O parlamento do Estado de Nova Iorque, no nordeste dos EUA, aprovou um projeto de lei que impõe uma moratória de um ano na emissão de licenças para a construção de centros de dados.
Um porta-voz da senadora Liz Krueger, autora do projeto de lei que acabou por ser incorporado numa legislação mais ampla, confirmou à agência de notícias France-Presse que tanto a Câmara dos Representantes como o Senado votaram a favor, na quinta-feira.
O documento irá agora seguir para a governadora Kathy Hochul, que tem poder de veto.
Caso a governadora ratifique o projeto de lei, Nova Iorque tornar-se-á o primeiro Estado norte-americano a impor uma moratória a centros de dados.
Em abril, o parlamento do Maine, também no nordeste dos EUA, votou a suspensão de todos os novos projetos de grandes centros de dados, mas a governadora Janet Mills vetou a medida, argumentando que não incluía uma isenção para projetos locais.

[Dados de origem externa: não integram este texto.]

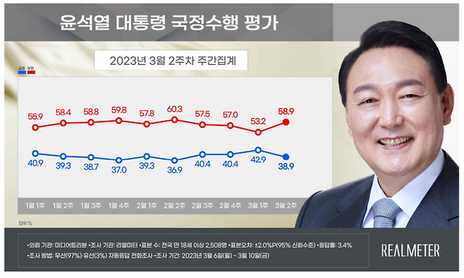 리얼미터가 미디어트리뷴 의뢰로 지난 6~10일 전국 만18세 이상 2508명에게 실시해 13일 공개한 3월 2주차 여론조사 결과, 윤 대통령 국정 수행 긍정 평가도는 38.9%로 조사됐다. 같은 기관 조사 기준 긍정 평가도가 40% 밑으로 떨어진 것은 2월 2주차(2월6~10일)에서 36.9%를 기록한 이후 4주 만이다. 같은 기관 조사에서 윤 대통령 긍정 평가도는 2월 3주차에 40.4%로 반등했으나 이번 조사에서는 전주 대비 4.0%포인트가 떨어졌다.

Um número crescente de eleitores e de autoridades eleitas está a mobilizar-se a favor de uma proibição ou regulamentação mais rigorosa de centros de dados, que estão a proliferar pelos Estados Unidos.
Com o rápido desenvolvimento da internet e da computação em nuvem, as instalações são muito procuradas pelas grandes empresas de inteligência artificial (IA), que necessitam delas para desenvolver e executar modelos de linguagem.
No entanto, os críticos destacam que os centros consomem uma quantidade significativa de electricidade e água potável, causam poluição sonora e criam um número limitado de empregos.
O projeto de lei aprovado pelo parlamento de Nova Iorque foi apresentado por Kristen Gonzalez, que pertence à Aliança Socialista Democrática, o partido do atual presidente da Câmara da cidade de Nova Iorque, Zoran Mamdani.
O texto estipula ainda que, após o termo da moratória, qualquer novo pedido deverá ser apresentado em reunião pública antes de a autorização poder ser concedida.